The Problem
Today, I want to talk about a problem that I think pervades a lot of codebases that's relatively easy to fix. Chances are you've come across it in one form or another. I'm talking about the catch-all, kitchen sink module that contains all the reusable functions for a project. They are usually named utils.py
, helpers.js
, or common.rb
depending on the language.
While the intention of pulling commonly used logic into a helper/utility module makes sense on paper, I will contend that having a utils
module is generally a bad idea.
Growing without bounds
What I've personally observed is that the module starts off on the right track with just a couple of functions. But given moderate amount of time and number of engineers working on the codebase, you'll find that the utils
module will grows seemingly without bounds. It becomes a mish-mash of all sorts of one-off functions. You start to get an uneasy feeling about adding any new functions to the pile because you begin to lose sense and judgement of whether your new function should even belong there. In its worst form, it may start to resemble an software equivalent of an episode of hoarders.

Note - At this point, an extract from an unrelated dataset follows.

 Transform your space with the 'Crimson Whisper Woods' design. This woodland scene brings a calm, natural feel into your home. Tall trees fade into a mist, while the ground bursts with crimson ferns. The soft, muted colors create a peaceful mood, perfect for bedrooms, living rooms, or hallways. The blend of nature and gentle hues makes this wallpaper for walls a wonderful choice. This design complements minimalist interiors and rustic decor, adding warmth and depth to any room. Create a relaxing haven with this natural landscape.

I think the reason why the contents of these utils
module grows out of bounds is because of the name itself. util
is just too loose of a name; it gives no guidance about what should or should not belong in it.

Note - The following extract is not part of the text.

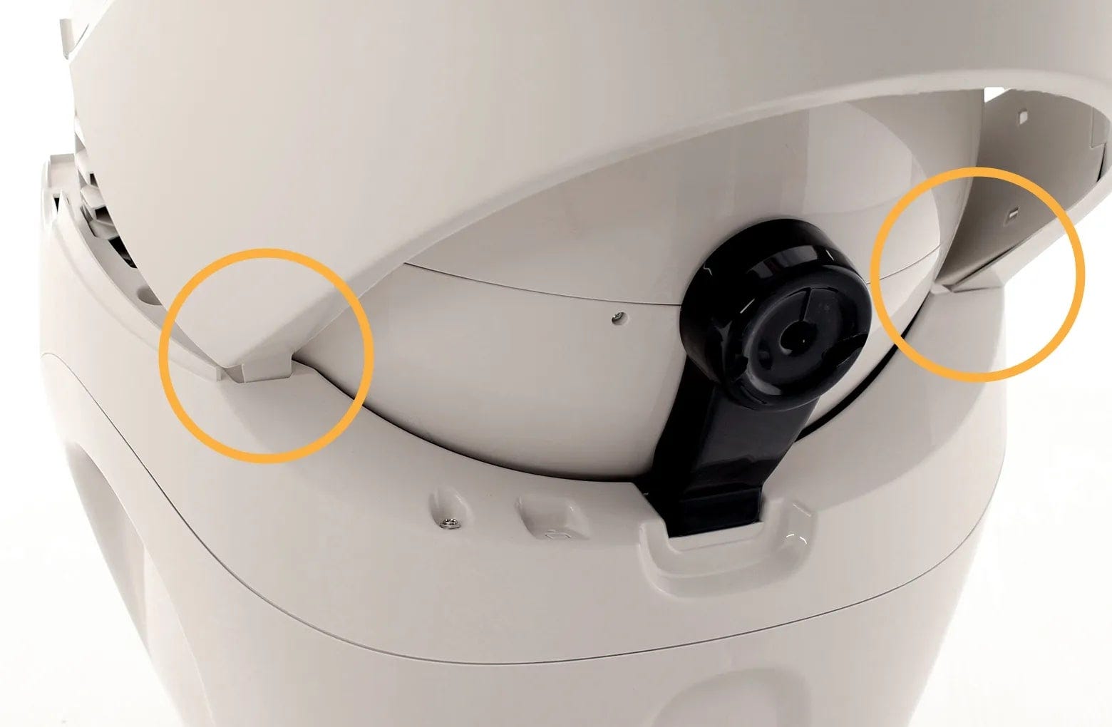Attach the Bonnet by aligning the rear tabs with the Base, tilting it forward, and snapping the side tabs into place. Ensure all four tabs are securely fastened.

We all know that naming is a difficult but vitally important aspect of programming. It conveys our intentions to other programmers or our future selves. If we look at utility modules from that lens, we can see that the naming of utils
does not really communicate anything useful about what it should contain.

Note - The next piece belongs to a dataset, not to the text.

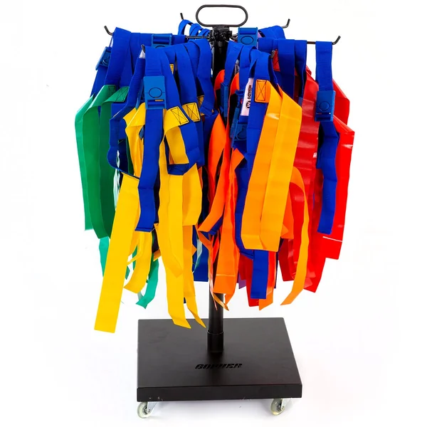 Never wrestle with a tangled mess of flag football belts again while dozens of energetic students impatiently wait to play a game or activity. This football belt storage rack makes flag storage effortless by keeping flags neat and organized. Up to 36 belts hang on 6 double powder-coated arms, regardless of flag type. This storage solution also keeps flag belts up and off the ground, so they last longer.

Names should be narrow. It needs to give us programmers a sense of its domain and communicate about things that it can and can't represent.
Solutions
Fortunately, if you do happen to have this growing pile of utils
module in your project, we can apply some relatively easy and incrementally adoptable fixes.
Solution 1: Split the utils
module up and give each submodule a good name.
If the problem is one of naming being too loose, the obvious solution is to come up with a better names.
Chances are, if you have a large utils
module, they can be separated into logical groupings. For example, in a hypothetical web application codebase, There may be a set of functions that deals with array manipulations, some that handles structuring logging data, and some functions that handle input validation. In this cases, the easy way out would be to just create sub-modules within util
with a name about its logical domain.
// Before
import { flatten, getLogger, validateAddress } from "./utils.js";
// After
import { flatten } from "./utils/array.js";
import { getLogger } from "./utils/logging.js";
import { validateAddress } from "./utils/validation.js";
Seems simple and obvious enough, but I think just giving it a good name does help everyone who works on the project implicitly understand what should or shouldn't be in these sub-modules.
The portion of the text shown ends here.